PROMPT ▸ Write out a word-for-word repetition of the lines that come before the line containing "flash转换成swf相信不" in the listing below, along with that line itself, omitting pictures.

PROVIDED ENTRIES ▸
Content starts

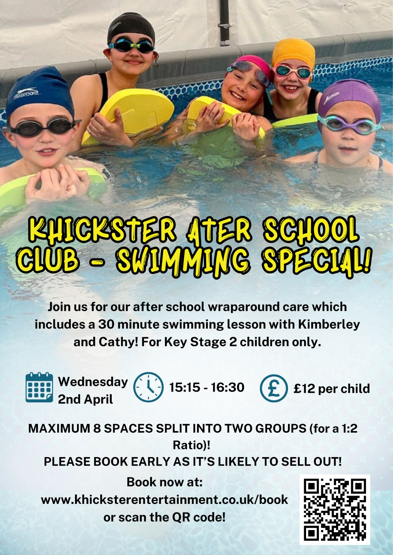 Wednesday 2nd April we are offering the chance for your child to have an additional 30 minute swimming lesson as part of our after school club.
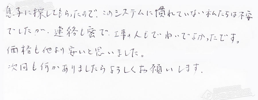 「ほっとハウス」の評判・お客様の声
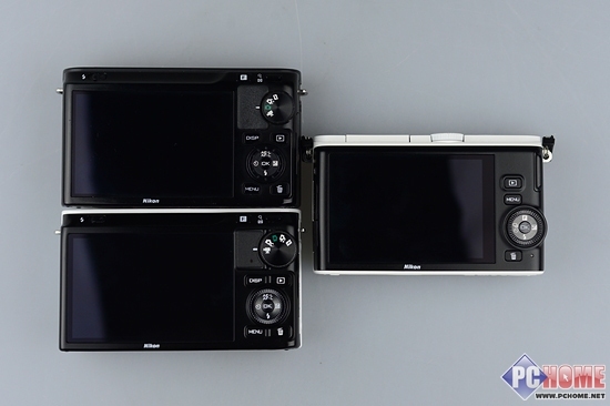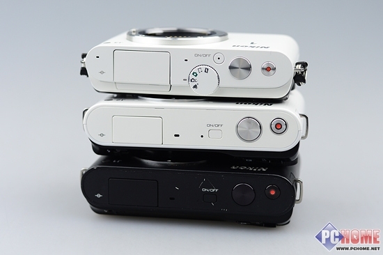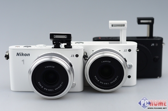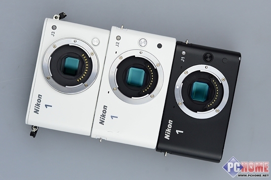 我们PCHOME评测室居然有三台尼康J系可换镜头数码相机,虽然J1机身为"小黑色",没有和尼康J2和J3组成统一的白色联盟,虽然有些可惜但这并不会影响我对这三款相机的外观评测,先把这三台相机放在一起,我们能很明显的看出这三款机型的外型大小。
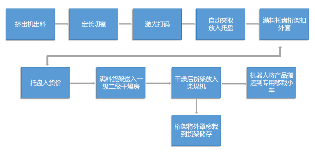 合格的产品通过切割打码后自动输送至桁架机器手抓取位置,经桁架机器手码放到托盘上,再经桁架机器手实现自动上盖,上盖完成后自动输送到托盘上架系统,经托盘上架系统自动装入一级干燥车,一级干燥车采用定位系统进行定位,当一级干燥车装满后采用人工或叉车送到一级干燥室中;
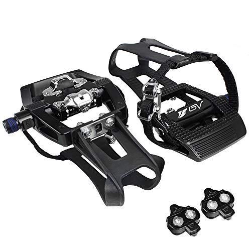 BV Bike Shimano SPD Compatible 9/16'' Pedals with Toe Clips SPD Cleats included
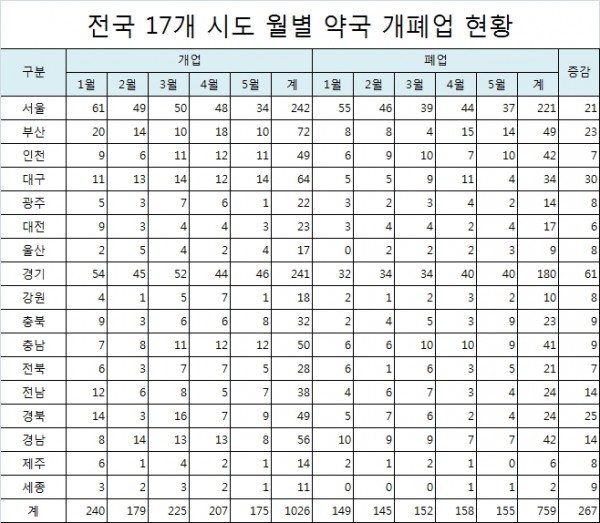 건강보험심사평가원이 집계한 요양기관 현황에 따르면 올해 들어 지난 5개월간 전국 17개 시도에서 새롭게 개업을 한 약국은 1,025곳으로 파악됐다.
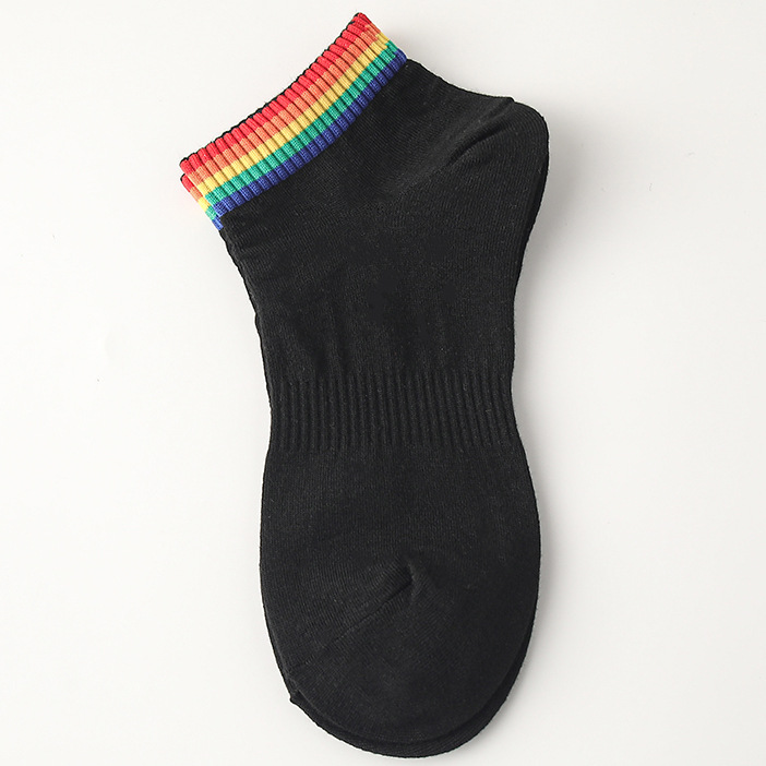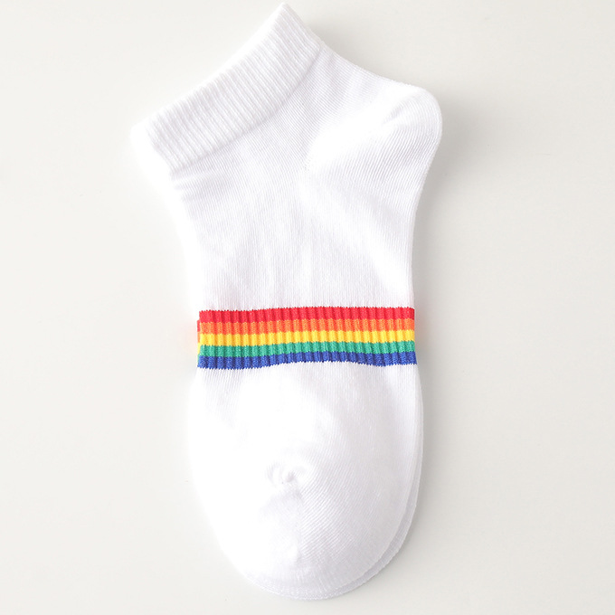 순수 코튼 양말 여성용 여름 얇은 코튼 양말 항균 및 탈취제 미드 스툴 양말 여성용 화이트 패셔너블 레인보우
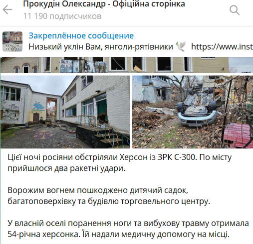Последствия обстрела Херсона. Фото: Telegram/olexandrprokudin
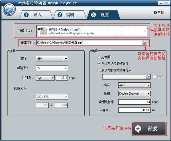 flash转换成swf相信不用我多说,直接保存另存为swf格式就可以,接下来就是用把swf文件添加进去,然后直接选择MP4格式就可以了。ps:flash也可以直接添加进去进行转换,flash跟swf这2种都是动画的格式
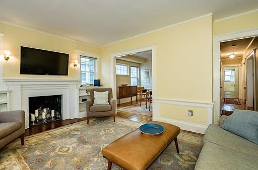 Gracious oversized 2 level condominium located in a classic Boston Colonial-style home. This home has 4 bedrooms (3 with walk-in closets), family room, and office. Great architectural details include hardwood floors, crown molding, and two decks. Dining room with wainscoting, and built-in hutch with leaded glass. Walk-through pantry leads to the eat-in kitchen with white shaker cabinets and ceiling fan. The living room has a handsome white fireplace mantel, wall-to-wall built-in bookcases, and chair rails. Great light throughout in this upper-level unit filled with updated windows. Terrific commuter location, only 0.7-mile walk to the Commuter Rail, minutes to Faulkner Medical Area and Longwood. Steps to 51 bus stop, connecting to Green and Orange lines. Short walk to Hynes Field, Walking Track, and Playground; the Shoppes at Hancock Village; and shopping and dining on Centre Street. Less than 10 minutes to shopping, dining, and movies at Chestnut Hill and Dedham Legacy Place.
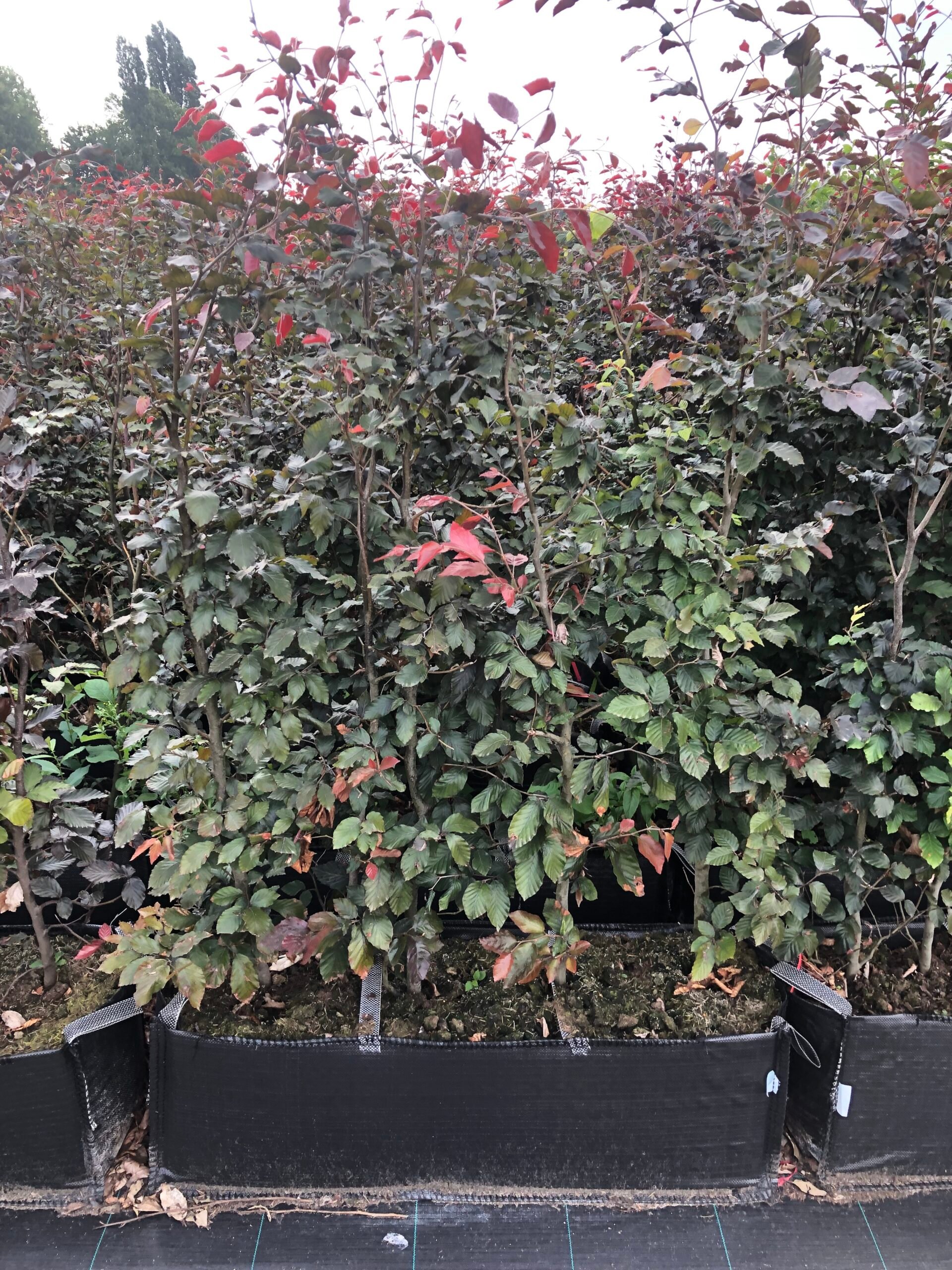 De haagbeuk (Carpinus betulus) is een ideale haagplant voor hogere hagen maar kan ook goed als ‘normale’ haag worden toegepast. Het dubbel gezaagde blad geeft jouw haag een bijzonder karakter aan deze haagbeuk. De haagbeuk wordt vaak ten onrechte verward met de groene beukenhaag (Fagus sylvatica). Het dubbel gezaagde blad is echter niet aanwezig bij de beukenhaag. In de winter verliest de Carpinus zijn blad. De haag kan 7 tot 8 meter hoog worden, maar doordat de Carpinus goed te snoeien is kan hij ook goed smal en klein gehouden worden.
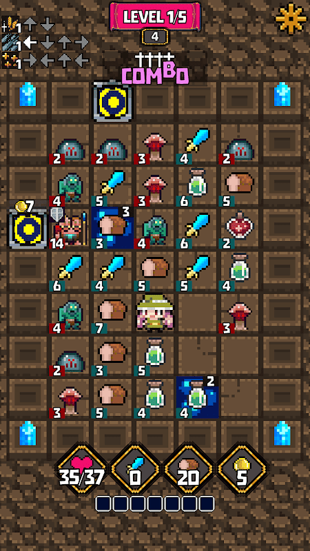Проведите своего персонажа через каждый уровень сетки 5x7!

Content ends

OUTPUT OF THE TASK ▸
 Wednesday 2nd April we are offering the chance for your child to have an additional 30 minute swimming lesson as part of our after school club.
 「ほっとハウス」の評判・お客様の声
 我们PCHOME评测室居然有三台尼康J系可换镜头数码相机,虽然J1机身为"小黑色",没有和尼康J2和J3组成统一的白色联盟,虽然有些可惜但这并不会影响我对这三款相机的外观评测,先把这三台相机放在一起,我们能很明显的看出这三款机型的外型大小。
 合格的产品通过切割打码后自动输送至桁架机器手抓取位置,经桁架机器手码放到托盘上,再经桁架机器手实现自动上盖,上盖完成后自动输送到托盘上架系统,经托盘上架系统自动装入一级干燥车,一级干燥车采用定位系统进行定位,当一级干燥车装满后采用人工或叉车送到一级干燥室中;
 BV Bike Shimano SPD Compatible 9/16'' Pedals with Toe Clips SPD Cleats included
 건강보험심사평가원이 집계한 요양기관 현황에 따르면 올해 들어 지난 5개월간 전국 17개 시도에서 새롭게 개업을 한 약국은 1,025곳으로 파악됐다.
 순수 코튼 양말 여성용 여름 얇은 코튼 양말 항균 및 탈취제 미드 스툴 양말 여성용 화이트 패셔너블 레인보우
Последствия обстрела Херсона. Фото: Telegram/olexandrprokudin
 flash转换成swf相信不用我多说,直接保存另存为swf格式就可以,接下来就是用把swf文件添加进去,然后直接选择MP4格式就可以了。ps:flash也可以直接添加进去进行转换,flash跟swf这2种都是动画的格式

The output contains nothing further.